Workers of Lingao: Labor Relations in the New Order
When five hundred people from the twenty-first century build factories in seventeenth-century Hainan, they do not merely introduce new machines. They introduce a new category of human existence: the factory worker. And with that category comes a set of problems that took the real industrial world two centuries of strikes, lockouts, child labor scandals, and revolutionary movements to even begin solving.
From Field to Factory Floor
The local population around Lingao in 1628 lives according to rhythms that have governed Chinese peasant life for millennia. Work is seasonal, dictated by planting and harvest cycles. Labor obligations flow through networks of kinship and patronage — you work your family's land, you contribute corvée labor to local officials, you help your neighbors during peak seasons because they will help you in return. The relationship between a peasant and his landlord, while often exploitative, is embedded in a web of mutual obligations that both parties understand. The landlord provides land, protection, and a degree of social stability.
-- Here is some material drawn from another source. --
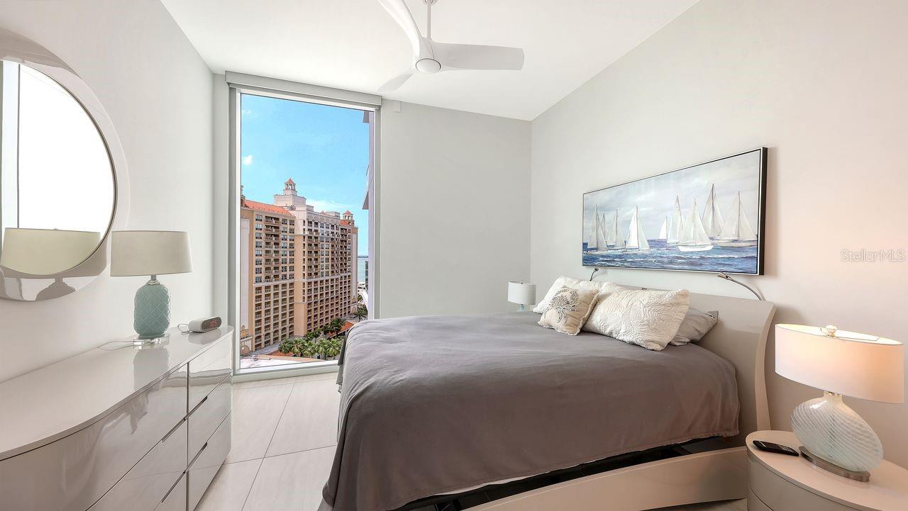This remarkable residence is among the most compelling opportunities in downtown Sarasota's luxury condo market. Positioned on a prized corner, the home is filled with natural light and features a desirable west-facing exposure--delivering tranquil bay views by day, vibrant Gulf sunsets in the evening, and a glittering city skyline at night.Located on the 12th floor, the property offers a true "sky residence" feel that is rarely found at this value. One premium parking space further enhances its appeal-- in the downtown core.Before this opportunity is claimed, I invite you to experience the lifestyle firsthand--either in person or through a live video tour.A Sought after Blend of Design, Comfort & Coastal LivingStep into elevated waterfront living in this beautifully upgraded 2-bedroom + 1 den / bedroom, 3-bath residence, ideally situated in Sarasota's vibrant Quay district. Encompassing 2,185 square feet, the open-concept design is highlighted by soaring 10-foot ceilings and expansive floor-to-ceiling glass that flood the interior with light while framing sweeping views of Sarasota Bay and the Gulf.Every element has been carefully curated for immediate enjoyment:Elegant porcelain tile flooring throughoutDesigner Italkraft kitchen featuring upgraded cabinetry, pull-out storage, pantry enhancements, JennAir appliances (including convection and built-in oven, and cooktop), and Grohe fixturesGenerous primary suite with dual walk-in closets and a spa-like bath complete with soaking tub, oversized shower, dual vanities, and linen storagePrivate guest suite with ensuite bath, plus a third full bathroomFlexible den with closet--ideal for a home office or additional bedroomHunter Douglas motorized window treatments along with custom lighting throughoutLightly used a few weeks here and there in like new condidtion.This is refined, low-maintenance luxury in a walkable waterfront setting--just steps from exceptional dining, shopping, cultural venues, and the marina.Opportunities offering this level of space, quality upgrades, panoramic views, and a premier Quay location are increasingly limited.

The peasant provides labor, rent, and deference. It is not fair, but it is legible. Everyone knows the rules.
The factory demolishes this entire framework. A factory does not operate according to seasons. It operates according to schedules, quotas, and the relentless logic of throughput. A blast furnace does not care that it is the Mid-Autumn Festival. A kiln must be fed continuously or its contents are ruined. The transmigrators need workers who will show up at specified hours, perform specified tasks, and subordinate their personal rhythms to the rhythm of the machine. This is a profound transformation in what it means to work, and the transmigrators — who have all lived in industrial or post-industrial societies — understand its implications in a way that their new workers cannot.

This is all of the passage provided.